EXERCISE AIM:
Up to and including the line with "Remont drogi gminnej w Wrzesinach", restate the records below word for word, beginning with their first line.

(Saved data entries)

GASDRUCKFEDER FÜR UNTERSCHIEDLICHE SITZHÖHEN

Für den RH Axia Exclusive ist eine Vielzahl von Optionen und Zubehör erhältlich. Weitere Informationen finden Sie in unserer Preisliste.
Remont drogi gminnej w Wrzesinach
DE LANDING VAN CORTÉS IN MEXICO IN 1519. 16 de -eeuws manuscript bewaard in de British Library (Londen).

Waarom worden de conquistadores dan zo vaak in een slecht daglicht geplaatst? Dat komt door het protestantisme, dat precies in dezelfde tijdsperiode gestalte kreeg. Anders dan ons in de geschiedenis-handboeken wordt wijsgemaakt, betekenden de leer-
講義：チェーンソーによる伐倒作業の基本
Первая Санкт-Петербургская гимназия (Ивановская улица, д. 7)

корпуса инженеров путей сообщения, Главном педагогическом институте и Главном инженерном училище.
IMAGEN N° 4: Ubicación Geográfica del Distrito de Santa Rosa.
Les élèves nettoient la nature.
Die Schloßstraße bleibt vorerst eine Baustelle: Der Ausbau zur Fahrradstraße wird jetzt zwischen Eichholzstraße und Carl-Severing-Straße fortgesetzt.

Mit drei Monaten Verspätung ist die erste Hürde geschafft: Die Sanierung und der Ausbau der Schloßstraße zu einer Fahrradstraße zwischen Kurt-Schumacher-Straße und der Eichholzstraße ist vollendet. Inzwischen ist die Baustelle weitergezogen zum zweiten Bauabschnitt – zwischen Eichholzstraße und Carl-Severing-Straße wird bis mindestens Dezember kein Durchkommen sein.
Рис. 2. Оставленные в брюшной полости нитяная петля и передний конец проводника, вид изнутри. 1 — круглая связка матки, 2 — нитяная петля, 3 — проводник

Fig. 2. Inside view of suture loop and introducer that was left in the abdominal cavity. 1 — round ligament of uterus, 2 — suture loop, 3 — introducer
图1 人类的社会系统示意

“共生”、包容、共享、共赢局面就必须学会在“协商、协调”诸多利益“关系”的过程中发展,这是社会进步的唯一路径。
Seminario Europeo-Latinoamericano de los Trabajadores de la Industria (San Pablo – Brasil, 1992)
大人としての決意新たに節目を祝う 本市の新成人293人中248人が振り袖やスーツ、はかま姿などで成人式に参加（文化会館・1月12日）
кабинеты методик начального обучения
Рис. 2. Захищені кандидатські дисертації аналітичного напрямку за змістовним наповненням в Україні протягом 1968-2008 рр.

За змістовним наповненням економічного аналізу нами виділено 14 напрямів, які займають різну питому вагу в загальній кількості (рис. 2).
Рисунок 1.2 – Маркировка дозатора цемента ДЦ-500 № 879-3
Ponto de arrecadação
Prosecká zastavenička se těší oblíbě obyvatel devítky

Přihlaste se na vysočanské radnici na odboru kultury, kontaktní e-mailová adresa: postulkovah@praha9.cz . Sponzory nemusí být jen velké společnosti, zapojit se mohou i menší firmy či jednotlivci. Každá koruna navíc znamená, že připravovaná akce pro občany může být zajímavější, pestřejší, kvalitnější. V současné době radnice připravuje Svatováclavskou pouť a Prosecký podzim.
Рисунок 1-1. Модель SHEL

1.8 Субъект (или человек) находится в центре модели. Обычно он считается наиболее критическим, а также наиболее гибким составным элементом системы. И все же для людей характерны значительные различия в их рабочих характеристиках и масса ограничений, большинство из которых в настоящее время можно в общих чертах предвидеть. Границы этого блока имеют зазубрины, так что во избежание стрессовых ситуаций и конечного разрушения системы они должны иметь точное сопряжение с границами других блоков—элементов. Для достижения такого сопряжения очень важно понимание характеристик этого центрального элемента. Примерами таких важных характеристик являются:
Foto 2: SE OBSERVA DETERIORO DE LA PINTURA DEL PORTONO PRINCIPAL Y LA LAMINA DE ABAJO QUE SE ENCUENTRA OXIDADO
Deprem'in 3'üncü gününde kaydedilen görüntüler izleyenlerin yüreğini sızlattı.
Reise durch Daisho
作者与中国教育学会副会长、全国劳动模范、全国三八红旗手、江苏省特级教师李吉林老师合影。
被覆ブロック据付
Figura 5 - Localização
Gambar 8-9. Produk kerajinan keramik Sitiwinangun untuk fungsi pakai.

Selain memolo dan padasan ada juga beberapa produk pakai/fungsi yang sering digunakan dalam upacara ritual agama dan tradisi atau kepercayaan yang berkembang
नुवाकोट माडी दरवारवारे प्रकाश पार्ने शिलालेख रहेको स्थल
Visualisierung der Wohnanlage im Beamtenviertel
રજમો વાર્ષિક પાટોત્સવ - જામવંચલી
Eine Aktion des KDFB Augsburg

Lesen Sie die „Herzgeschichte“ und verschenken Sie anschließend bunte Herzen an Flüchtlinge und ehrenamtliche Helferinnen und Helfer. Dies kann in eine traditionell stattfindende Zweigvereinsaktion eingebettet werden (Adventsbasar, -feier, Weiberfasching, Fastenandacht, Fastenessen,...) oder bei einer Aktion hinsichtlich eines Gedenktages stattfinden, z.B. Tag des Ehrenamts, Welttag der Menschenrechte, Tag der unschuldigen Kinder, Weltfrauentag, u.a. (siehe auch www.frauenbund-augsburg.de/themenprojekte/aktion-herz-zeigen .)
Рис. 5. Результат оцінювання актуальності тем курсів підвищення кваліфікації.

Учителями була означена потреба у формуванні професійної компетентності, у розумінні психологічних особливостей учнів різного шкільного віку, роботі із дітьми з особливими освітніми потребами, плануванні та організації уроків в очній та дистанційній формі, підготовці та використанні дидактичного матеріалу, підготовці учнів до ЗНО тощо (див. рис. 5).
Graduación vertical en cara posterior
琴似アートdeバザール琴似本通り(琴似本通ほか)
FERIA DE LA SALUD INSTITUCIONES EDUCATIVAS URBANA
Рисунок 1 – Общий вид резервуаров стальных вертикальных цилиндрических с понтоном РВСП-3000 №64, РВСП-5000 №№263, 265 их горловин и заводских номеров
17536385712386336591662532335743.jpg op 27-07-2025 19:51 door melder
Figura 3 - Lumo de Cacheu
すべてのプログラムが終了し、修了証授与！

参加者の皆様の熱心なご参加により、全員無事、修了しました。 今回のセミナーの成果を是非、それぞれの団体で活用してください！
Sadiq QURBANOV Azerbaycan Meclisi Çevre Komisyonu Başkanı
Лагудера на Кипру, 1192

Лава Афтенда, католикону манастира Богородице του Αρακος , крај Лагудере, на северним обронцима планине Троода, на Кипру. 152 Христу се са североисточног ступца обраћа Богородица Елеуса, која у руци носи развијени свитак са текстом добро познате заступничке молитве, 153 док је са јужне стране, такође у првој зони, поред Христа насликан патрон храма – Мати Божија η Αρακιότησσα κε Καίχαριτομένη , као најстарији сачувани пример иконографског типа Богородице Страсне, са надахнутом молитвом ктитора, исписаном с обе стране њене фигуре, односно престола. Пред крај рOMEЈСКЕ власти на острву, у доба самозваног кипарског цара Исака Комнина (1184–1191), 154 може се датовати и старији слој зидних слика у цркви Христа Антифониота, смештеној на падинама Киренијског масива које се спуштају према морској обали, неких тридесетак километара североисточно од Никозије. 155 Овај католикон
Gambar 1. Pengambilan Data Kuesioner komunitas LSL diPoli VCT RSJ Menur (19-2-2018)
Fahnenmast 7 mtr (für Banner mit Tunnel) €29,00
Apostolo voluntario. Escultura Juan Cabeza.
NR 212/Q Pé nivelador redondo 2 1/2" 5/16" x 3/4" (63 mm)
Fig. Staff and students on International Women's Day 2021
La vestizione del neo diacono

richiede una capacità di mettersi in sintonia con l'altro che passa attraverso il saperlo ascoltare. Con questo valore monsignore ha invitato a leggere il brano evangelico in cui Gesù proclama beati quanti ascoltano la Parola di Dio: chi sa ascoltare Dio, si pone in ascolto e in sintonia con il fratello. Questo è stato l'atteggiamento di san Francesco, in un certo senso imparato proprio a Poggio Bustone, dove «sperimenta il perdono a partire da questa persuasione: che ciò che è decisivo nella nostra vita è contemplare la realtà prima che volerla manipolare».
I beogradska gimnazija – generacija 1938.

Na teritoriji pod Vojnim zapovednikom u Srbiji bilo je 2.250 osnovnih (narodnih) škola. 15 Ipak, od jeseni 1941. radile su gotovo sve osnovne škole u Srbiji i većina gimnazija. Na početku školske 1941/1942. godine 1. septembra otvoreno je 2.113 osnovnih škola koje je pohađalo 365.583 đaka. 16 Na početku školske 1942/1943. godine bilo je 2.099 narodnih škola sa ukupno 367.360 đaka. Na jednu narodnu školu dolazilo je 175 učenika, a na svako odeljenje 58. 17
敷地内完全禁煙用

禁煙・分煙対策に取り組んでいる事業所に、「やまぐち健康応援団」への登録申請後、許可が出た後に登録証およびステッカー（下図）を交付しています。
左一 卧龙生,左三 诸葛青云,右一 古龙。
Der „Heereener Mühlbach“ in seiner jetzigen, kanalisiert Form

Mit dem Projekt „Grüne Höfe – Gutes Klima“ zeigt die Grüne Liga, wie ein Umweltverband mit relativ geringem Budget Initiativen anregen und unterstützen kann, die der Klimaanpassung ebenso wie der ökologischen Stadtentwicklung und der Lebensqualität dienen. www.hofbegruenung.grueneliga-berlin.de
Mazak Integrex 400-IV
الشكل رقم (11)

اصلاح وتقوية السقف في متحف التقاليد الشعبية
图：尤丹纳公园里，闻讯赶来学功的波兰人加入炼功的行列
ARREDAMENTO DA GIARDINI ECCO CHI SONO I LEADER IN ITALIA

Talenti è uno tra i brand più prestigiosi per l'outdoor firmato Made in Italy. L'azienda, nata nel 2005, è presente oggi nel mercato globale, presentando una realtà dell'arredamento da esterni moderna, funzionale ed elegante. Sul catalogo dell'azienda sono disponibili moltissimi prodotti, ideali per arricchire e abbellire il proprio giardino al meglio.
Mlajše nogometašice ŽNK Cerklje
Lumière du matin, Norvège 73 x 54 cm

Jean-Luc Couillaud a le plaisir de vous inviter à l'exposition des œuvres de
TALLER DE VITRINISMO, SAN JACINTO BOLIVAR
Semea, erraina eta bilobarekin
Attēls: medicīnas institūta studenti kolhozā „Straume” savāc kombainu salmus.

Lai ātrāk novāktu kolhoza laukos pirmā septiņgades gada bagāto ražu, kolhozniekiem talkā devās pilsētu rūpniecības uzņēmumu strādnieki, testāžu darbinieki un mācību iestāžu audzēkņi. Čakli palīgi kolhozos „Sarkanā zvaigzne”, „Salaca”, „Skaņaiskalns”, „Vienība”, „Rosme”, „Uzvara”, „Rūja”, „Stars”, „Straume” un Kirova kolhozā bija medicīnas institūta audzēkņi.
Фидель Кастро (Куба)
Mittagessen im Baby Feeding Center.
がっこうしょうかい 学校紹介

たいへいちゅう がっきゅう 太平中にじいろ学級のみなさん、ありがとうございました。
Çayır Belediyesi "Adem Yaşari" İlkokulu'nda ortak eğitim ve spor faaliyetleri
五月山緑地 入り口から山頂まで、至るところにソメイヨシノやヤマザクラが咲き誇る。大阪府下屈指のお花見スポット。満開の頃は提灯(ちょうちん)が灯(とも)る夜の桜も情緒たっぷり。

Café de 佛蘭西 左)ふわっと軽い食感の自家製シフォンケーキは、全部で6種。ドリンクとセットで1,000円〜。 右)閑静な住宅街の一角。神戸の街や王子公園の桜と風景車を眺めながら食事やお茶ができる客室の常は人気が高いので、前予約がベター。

TASK SOLUTION:
GASDRUCKFEDER FÜR UNTERSCHIEDLICHE SITZHÖHEN

Für den RH Axia Exclusive ist eine Vielzahl von Optionen und Zubehör erhältlich. Weitere Informationen finden Sie in unserer Preisliste.
Remont drogi gminnej w Wrzesinach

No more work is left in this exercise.